* Records supplied
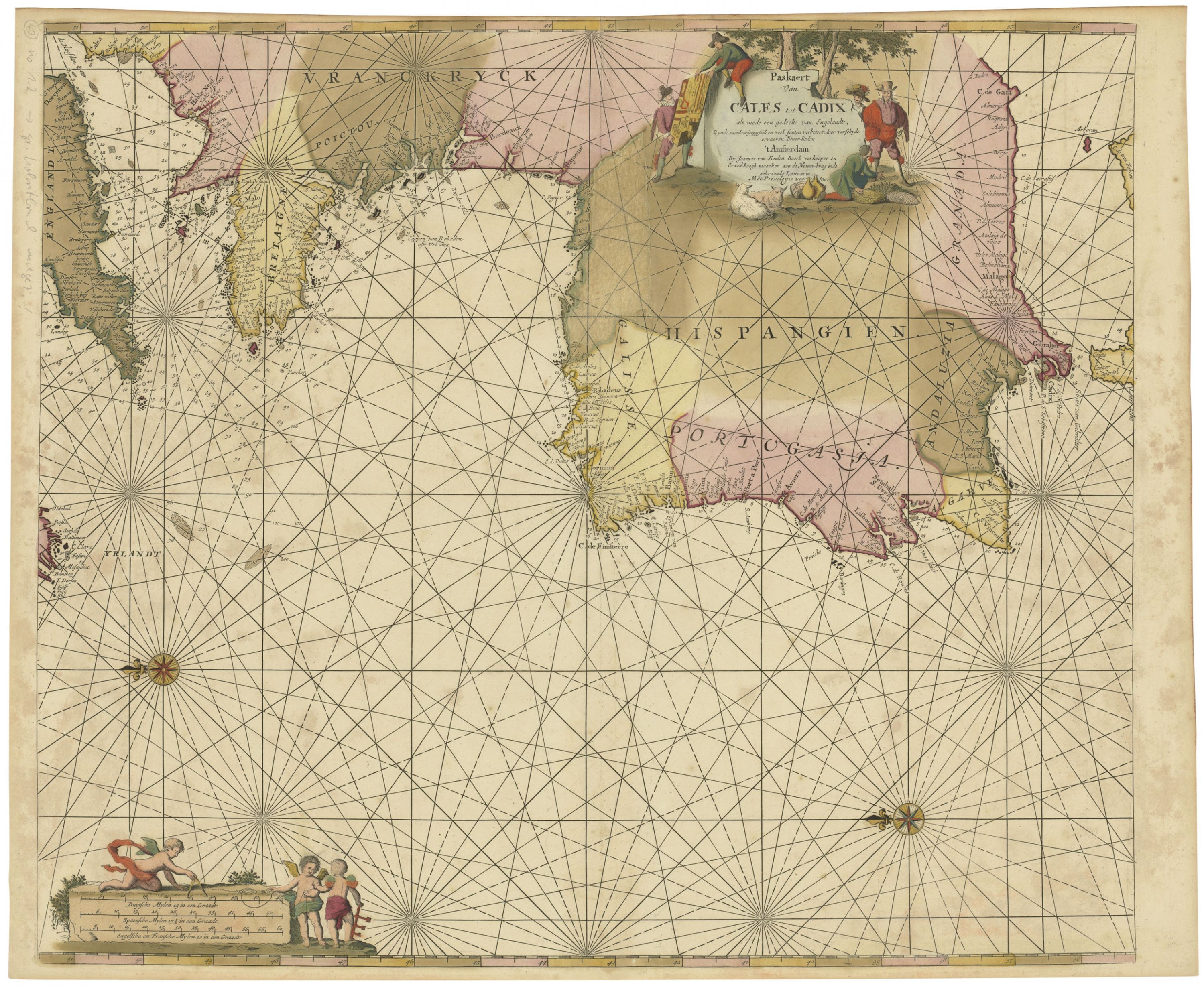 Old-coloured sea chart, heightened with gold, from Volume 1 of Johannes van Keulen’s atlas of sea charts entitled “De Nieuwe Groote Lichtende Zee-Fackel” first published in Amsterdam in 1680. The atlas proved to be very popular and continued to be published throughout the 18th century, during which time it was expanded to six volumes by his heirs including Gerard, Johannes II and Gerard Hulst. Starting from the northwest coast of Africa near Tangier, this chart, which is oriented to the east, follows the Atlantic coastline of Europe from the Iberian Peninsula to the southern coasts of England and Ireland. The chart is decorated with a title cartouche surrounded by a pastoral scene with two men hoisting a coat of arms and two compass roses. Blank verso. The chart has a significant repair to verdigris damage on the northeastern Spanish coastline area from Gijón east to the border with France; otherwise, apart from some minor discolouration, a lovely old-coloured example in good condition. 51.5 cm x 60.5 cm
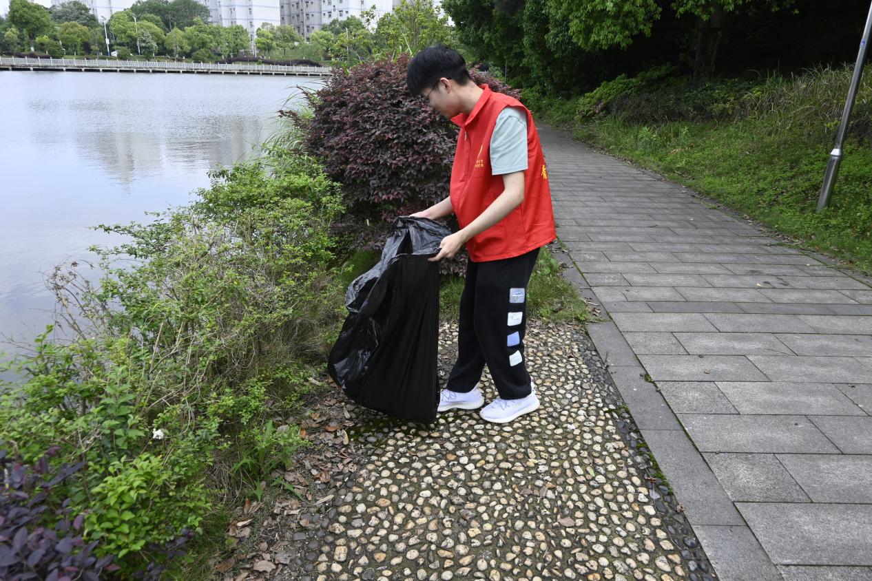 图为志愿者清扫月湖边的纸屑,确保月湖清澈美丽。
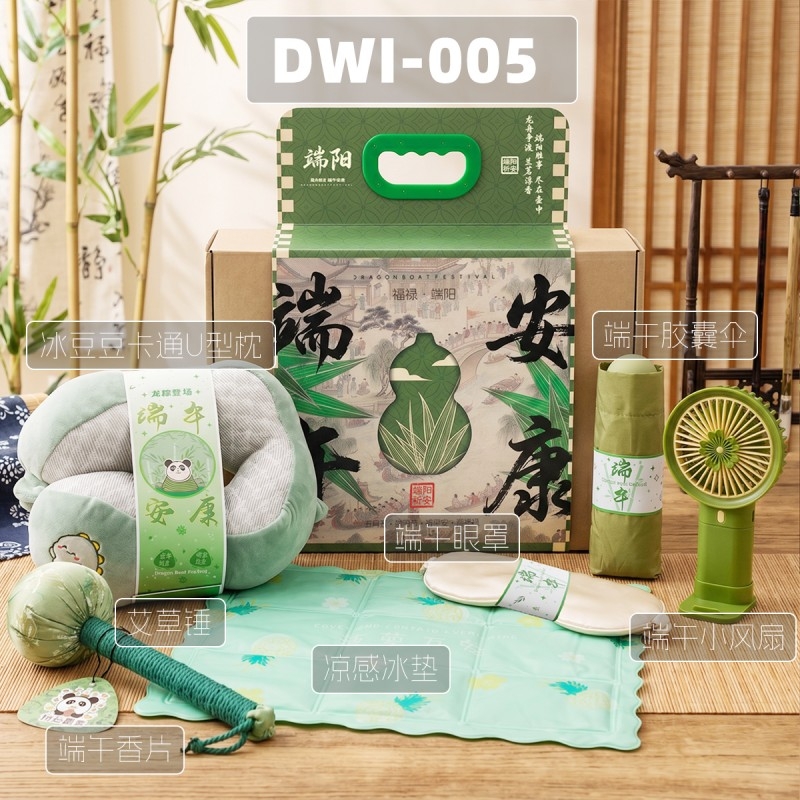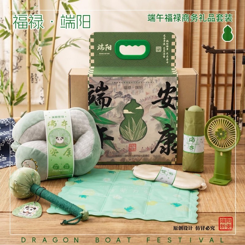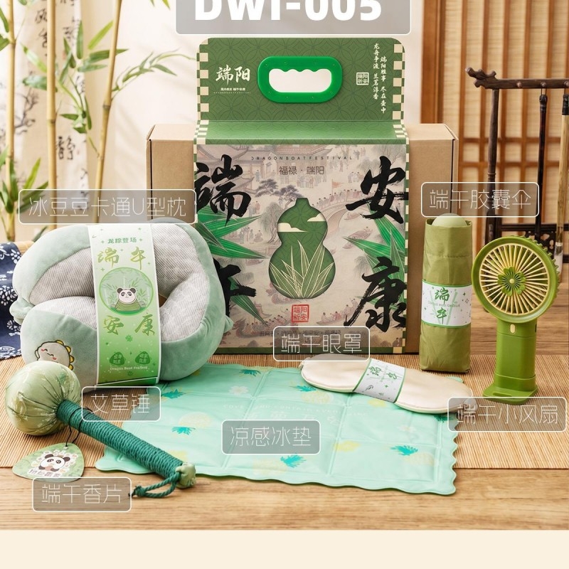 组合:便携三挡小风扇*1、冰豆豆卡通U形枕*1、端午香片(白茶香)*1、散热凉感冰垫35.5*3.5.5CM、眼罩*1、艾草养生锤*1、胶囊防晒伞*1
* * *
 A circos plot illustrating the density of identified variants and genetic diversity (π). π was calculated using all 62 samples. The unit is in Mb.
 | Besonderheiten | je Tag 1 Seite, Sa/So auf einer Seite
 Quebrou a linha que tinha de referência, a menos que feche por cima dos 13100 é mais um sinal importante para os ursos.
...
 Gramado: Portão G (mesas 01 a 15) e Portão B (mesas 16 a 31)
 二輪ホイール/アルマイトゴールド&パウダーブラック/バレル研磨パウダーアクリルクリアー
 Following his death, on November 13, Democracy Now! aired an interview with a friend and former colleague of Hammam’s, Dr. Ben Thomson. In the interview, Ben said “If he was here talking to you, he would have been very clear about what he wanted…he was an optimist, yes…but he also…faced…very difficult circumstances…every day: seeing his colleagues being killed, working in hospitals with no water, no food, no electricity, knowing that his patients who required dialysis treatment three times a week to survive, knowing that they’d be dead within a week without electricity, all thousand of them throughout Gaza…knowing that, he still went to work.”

* Exercise goal
Within these entries, output exactly the lines starting at the one with "图为志愿者清扫月湖边的纸屑,确保月湖清澈美丽。" and finishing at the one with "组合:便携三挡小风扇*1、冰". Leave pictures out of the output.

* Answer for the task
 图为志愿者清扫月湖边的纸屑,确保月湖清澈美丽。
 组合:便携三挡小风扇*1、冰豆豆卡通U形枕*1、端午香片(白茶香)*1、散热凉感冰垫35.5*3.5.5CM、眼罩*1、艾草养生锤*1、胶囊防晒伞*1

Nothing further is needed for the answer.